• **ENTRIES PROVIDED**
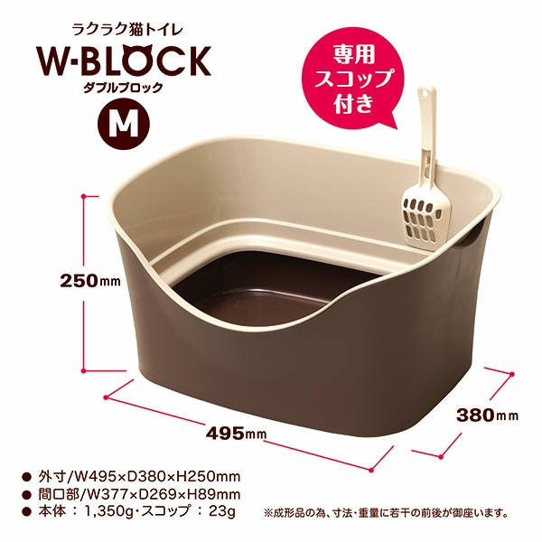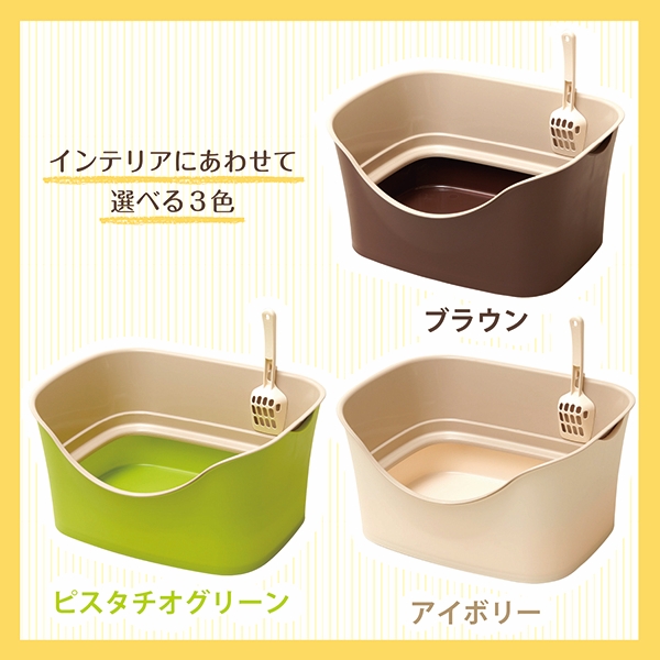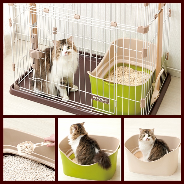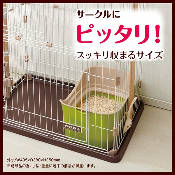 二重構造で猫砂をブロックします。大きめのネコちゃんに最適。 猫砂が飛び散りにくい安心設計!キレイ好きな猫ちゃんに嬉しい足置き場付き!足に猫砂を付けずにトイレができます。 横幅が495mm、奥行が380mmでサークル内にもスッキリ収まります。 壁部分に引っ掛けられる形状の、便利な専用スコップ。
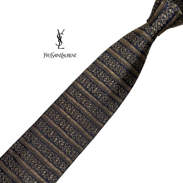 ★日本製高級シルク★ YVES SAINT LAURENT パターン柄 ネクタイ イヴ・サンローラン USED メンズ服飾小物 ネコポス可 中古 t524
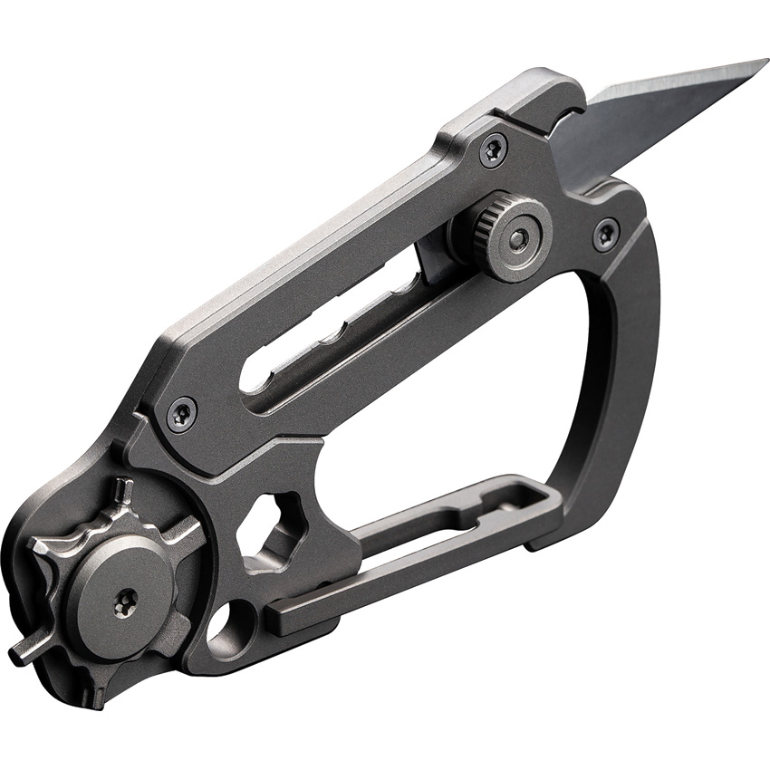 Dimensions: 2.8″ x 1.65″. Tools include: Hex/Bit driver l Carabiner l Small screwdriver l Lanyard loop. Includes: (3) 9Cr18MoV replaceable blades. Titanium construction. Color: Gray. Boxed.
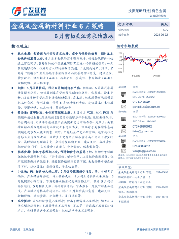 【广发证券】【20240602】金属及金属新材料行业6月策略:6月密切关注需求的落地-26页
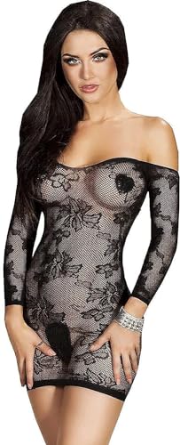 Other - فستان قصير شبكي بدون أكتاف مثير، اسود، للأنثى
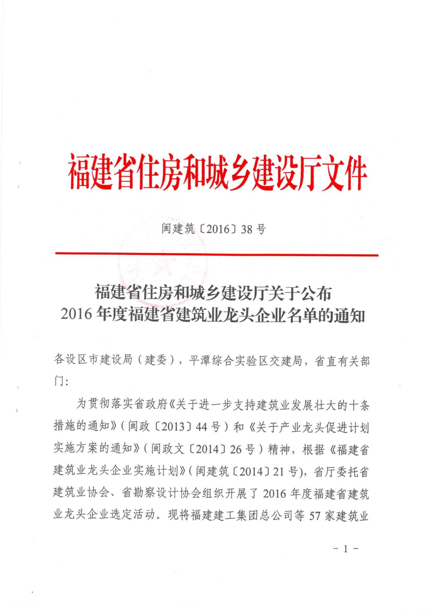 公司獲評為2016年度福建省建筑業龍頭企業
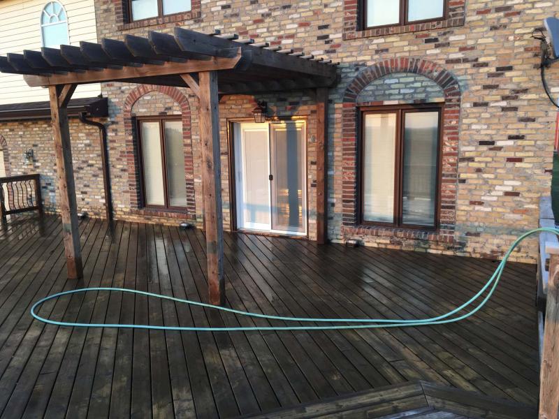 back-deck after being washed with a Zep wood deck pressure wash cleaner, which was left to sit for 15 minutes then rinsed

• **EXERCISE DIRECTIONS**
Could you copy exactly, and with no pictures, the lines above from the one containing "Other - فستان" through the last line, both included?

• **TASK RESPONSE**
 Other - فستان قصير شبكي بدون أكتاف مثير، اسود، للأنثى
 公司獲評為2016年度福建省建筑業龍頭企業
 back-deck after being washed with a Zep wood deck pressure wash cleaner, which was left to sit for 15 minutes then rinsed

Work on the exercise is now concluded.